# Best way to sell property



## TazJ (Jun 23, 2008)

I am hoping a few people can relate and perhaps offer advice.

I am selling my place in Mahmutlar and the agent we have currently is insisting on us giving him a Power of Attorney. This makes us uncomfortable, but he is being rather pushy.

Which is the best way to sell a Turkish property, if you are not based there?

Thanks in advance.


----------



## siobhanwf (Mar 20, 2009)

I would never pass power of attorney to an estate agent


----------



## TazJ (Jun 23, 2008)

Yep, fully agree, and I don't want to feel bullied into it so I am looking at alternatives. 
But it is challenging when you are not there and I was not sure if this is the norm, for expats to give POA.


----------



## PS51 (Sep 7, 2014)

There is an example on (snip) of a lady who didnt realise her Agent still had an active POA from when she purchased. The Agent sold at a rediculously low price ( Presumably to a Cousin ) . She came on holiday to find a Turkish family there and locks changes. Anyone trying to get legal redress in Turkey knows what it is like to walk in Treacle.


----------



## AlexDhabi (Aug 23, 2012)

If you do any POA regarding property it should be absolutely clear in the POA it is for buying and not selling (if buying) and vice versa. You should never get that situation that PS51 describes in any country.
I am not sure why you should ever POA to an estate agent for buying or selling though. You make an agreement with the agent and pay their fee afterwards as per agreement. You might need to give POA to your lawyer if you are absent, but only if you are sure you can trust them. Better to give POA to a private individual you know well and trust.


----------



## Orfeadk (Jan 12, 2015)

*wanted a villa in Dalyan direct from owner*

Hi All,

We are a Turkish couple live in Dalyan in Turkey. We are also searching a detached villa in Dalyan to buy. Real estate prices seems incredibly high when we compare its value with its 10 to15 years rental income. From that point of view prices villas in Dalyan seems ballooned. I think this is not becouse of the owners own valutation of villas, contrariwise becouse of the estate agents by themselves and not fear!!!

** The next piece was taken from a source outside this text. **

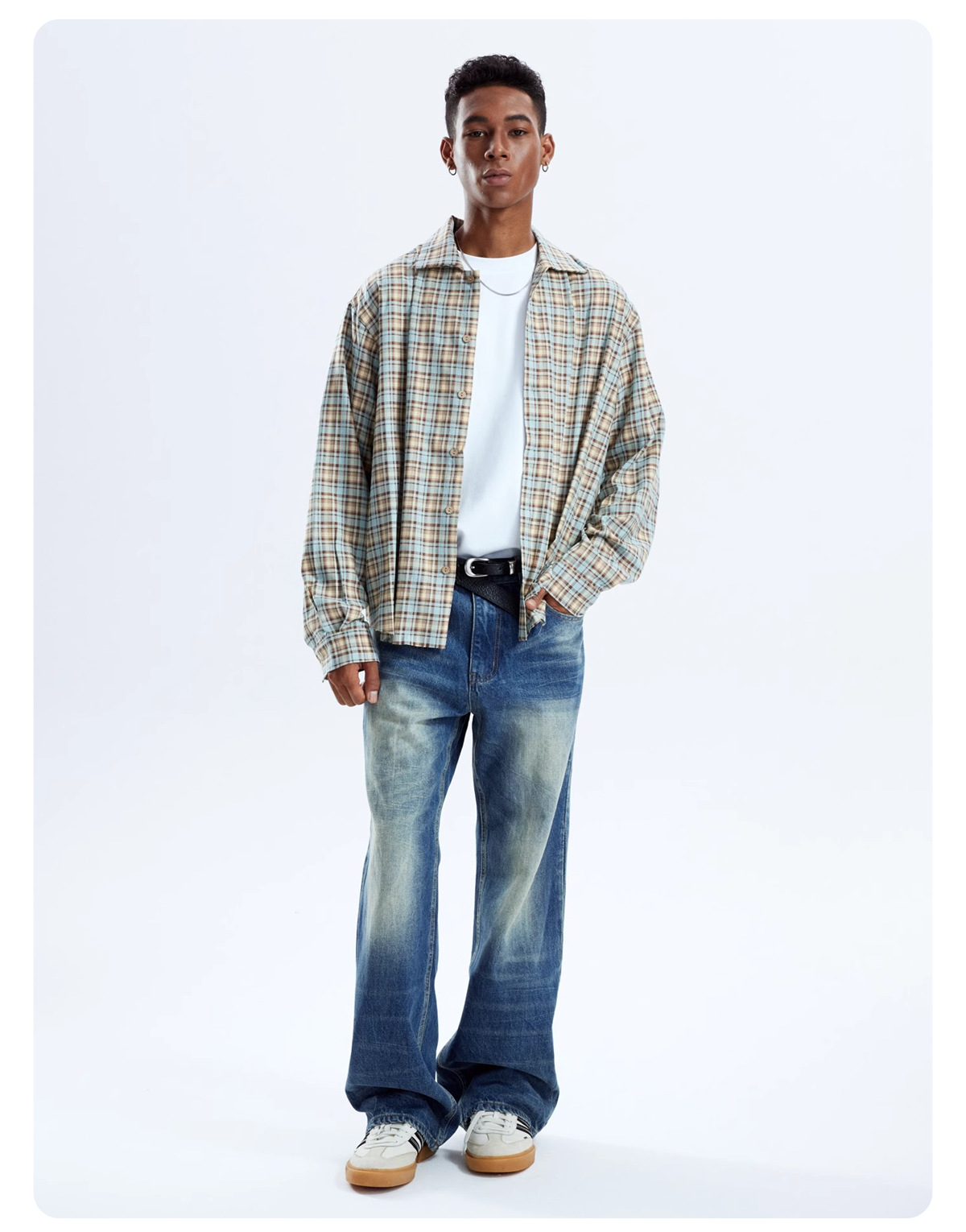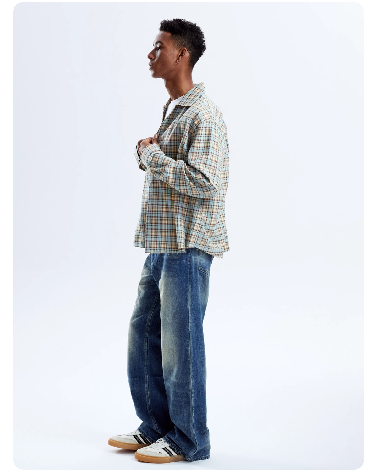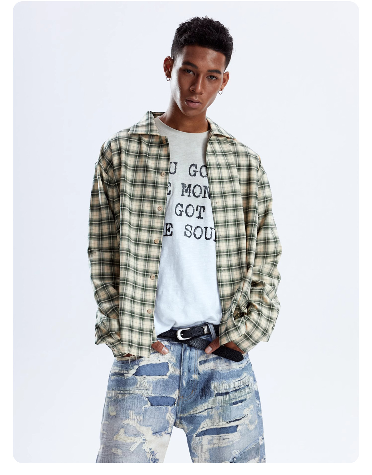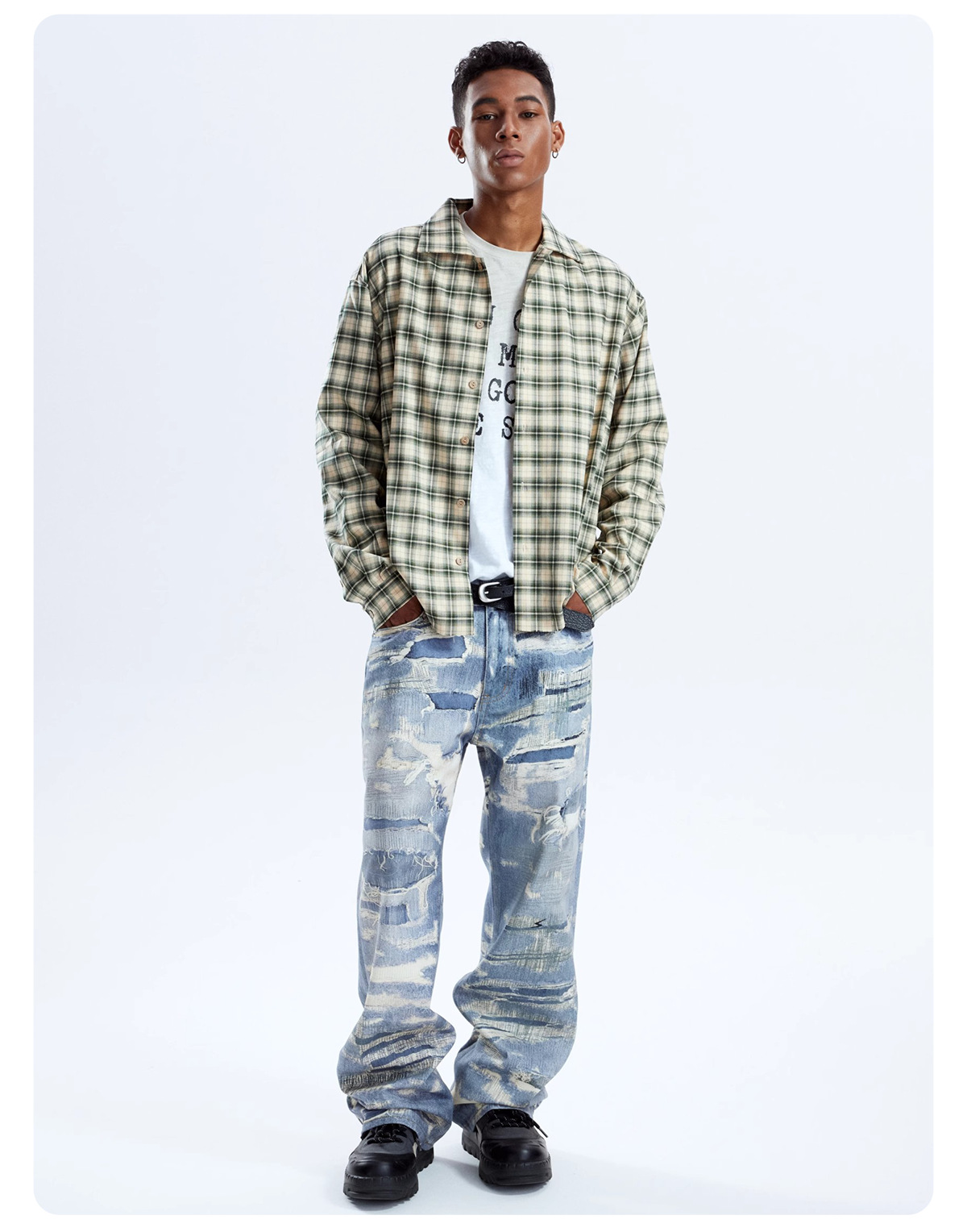 "CSMY" Xanvas Worsted TR 격자 무늬 셔츠 3 색 피부 친화적 인 실크 수입 직물 파괴 세부 사항스토어 가기

So, If anybody among you want to sell her/his villa with a reasonable price we would like to talk with them. My email: orfeadk(at)hotmail(dot)com

If you want to ask me anything, send PM please.


----------



## zHd (Mar 5, 2015)

Try to post an advert on sahibinden.com website.. 

Specify if you can only speak English to details. 

Tick to from foreign to foreign at details, this will provide getting rid of some tax details.. 

This way will help .. 

Or ask for a Turkish friend to do the job..


----------